Von meinem iPhone gesendet

Am 23.12.2017 um 03:47 schrieb Gene <gsasner@...>:

You can't do what I could do when I used Pine with a shell account a long time ago.  I didn't need to create any frames or scripts.  All I had to do was set the screen echo of JAWS to all, open a message, and then use the jaws skip line wile reading feature, right shift, to very quickly jump to the start of the message body.  Even if NVDA reads such material when it appears on screen, you either listen to everything or nothing and use the tedious read by line screen review option.  Hardly a convenient or reasonable way to go through thirty e-mails. 
Like it or not, NVDA isn't user definable.  You can't label graphics and you can't create frames.  These are serious deficiencies even if many of us don't need such options.
And you can't set the screen echo to all and then do what I did, as I described.  This may be an important ability for some users.
----- Original Message -----
Sent: Friday, December 22, 2017 7:16 PM
Subject: Re: [nvda] I'm dissappointed


I concur. I  firmly believe that NVDA can do most, if not all, the things more expensive programs can do. With some very rare exceptions. There are still some apps that require jfw with specific scripts to be usable, but as time goes on those apps will dwindle until there are none left.
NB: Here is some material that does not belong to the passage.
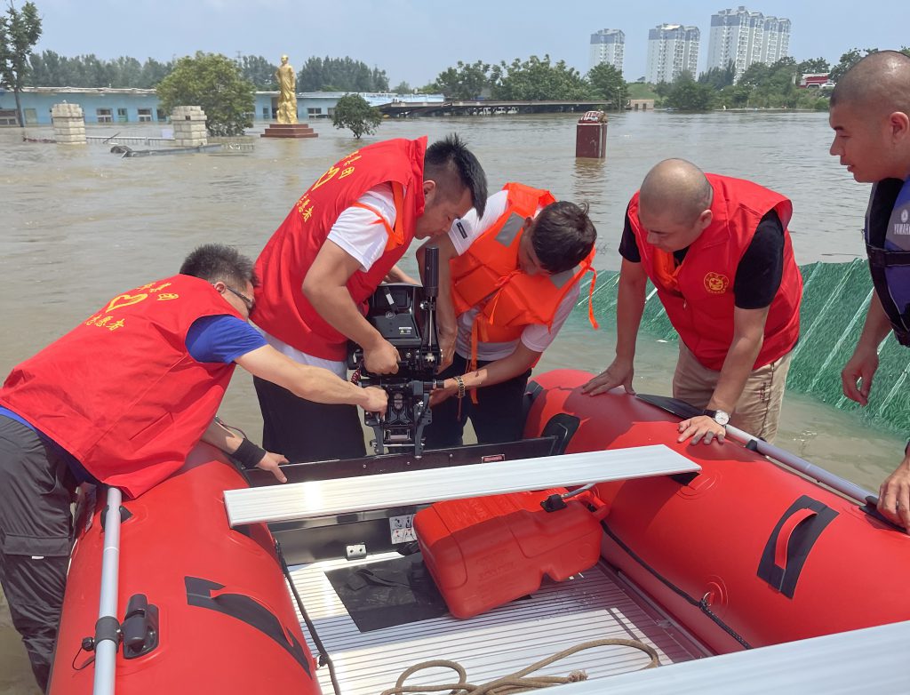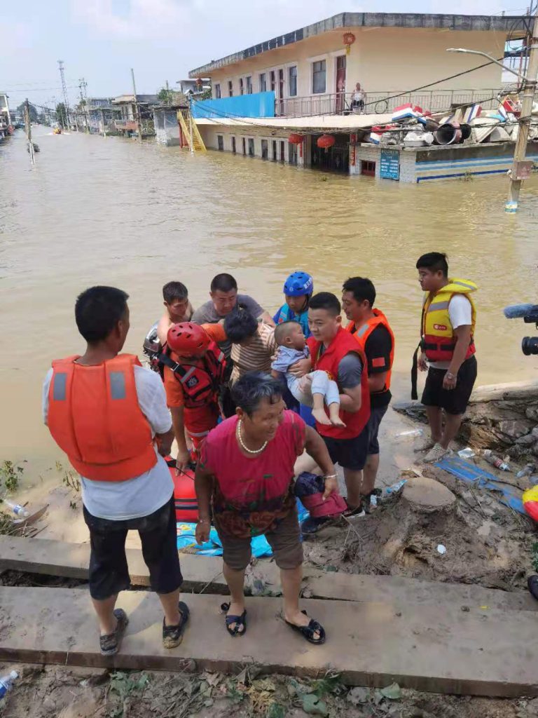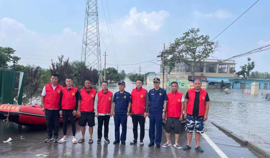 在集团董事长韩红安的号召下,世界杯官方网站入口建工副总经理杨明、世界杯官方网站入口股份物资采购中心总监胡旭、行政管理中心王雅鑫等近20名具备基本救援技能的世界杯官方网站入口人,紧急成立世界杯官方网站入口抢险突击队,在与消防救援单位完成对接后,自备三艘冲锋舟、20余件救生衣、照明设备、药品、补给食物等,于7月23日上午9点赶往寺庄顶村开展紧急救援。

But for 99 percent of people, NVDA can work for them, either alone or in combination with narrator, which has gotten quite good. I don’t really set much store by such presentations, as the few I’ve bothered to listen to gloss over the free options as if they’re not there, are not worth mentioning or aren’t good enough. This applies to NVDA as well as open source operating systems like Linux. I have not listened to the presentation people are talking about, so I don’t want to ruffle any feathers, but as a rule I don’t listen to them. They tend to unilaterally insist that only the paid apps are worth using. Except for the NVDA podcasts. Those are great, although I don’t follow those either. I’m just a user. I use NVDA on a daily basis and have found very little that it can’t do. If it can’t navigate an app by the usual methods, tab, shift tab, arrows, then it can by either touch, if you have a touch screen or object navigation.Even when I was using Linux full time I would keep up with NVDA’s progress, and NVDA is what eventually brought me back to using windows again.


Kendell Clark


Sent from Mail for Windows 10


From: <> on behalf of Don H <lmddh50@...>
Sent: Friday, December 22, 2017 6:18:54 PM
Subject: Re: [nvda] I'm dissappointed
I think that NVDA is just as good or better than any other screen
reader.  I think the issue for businesses is the fact that NVDA is open
source thus in their minds less secure.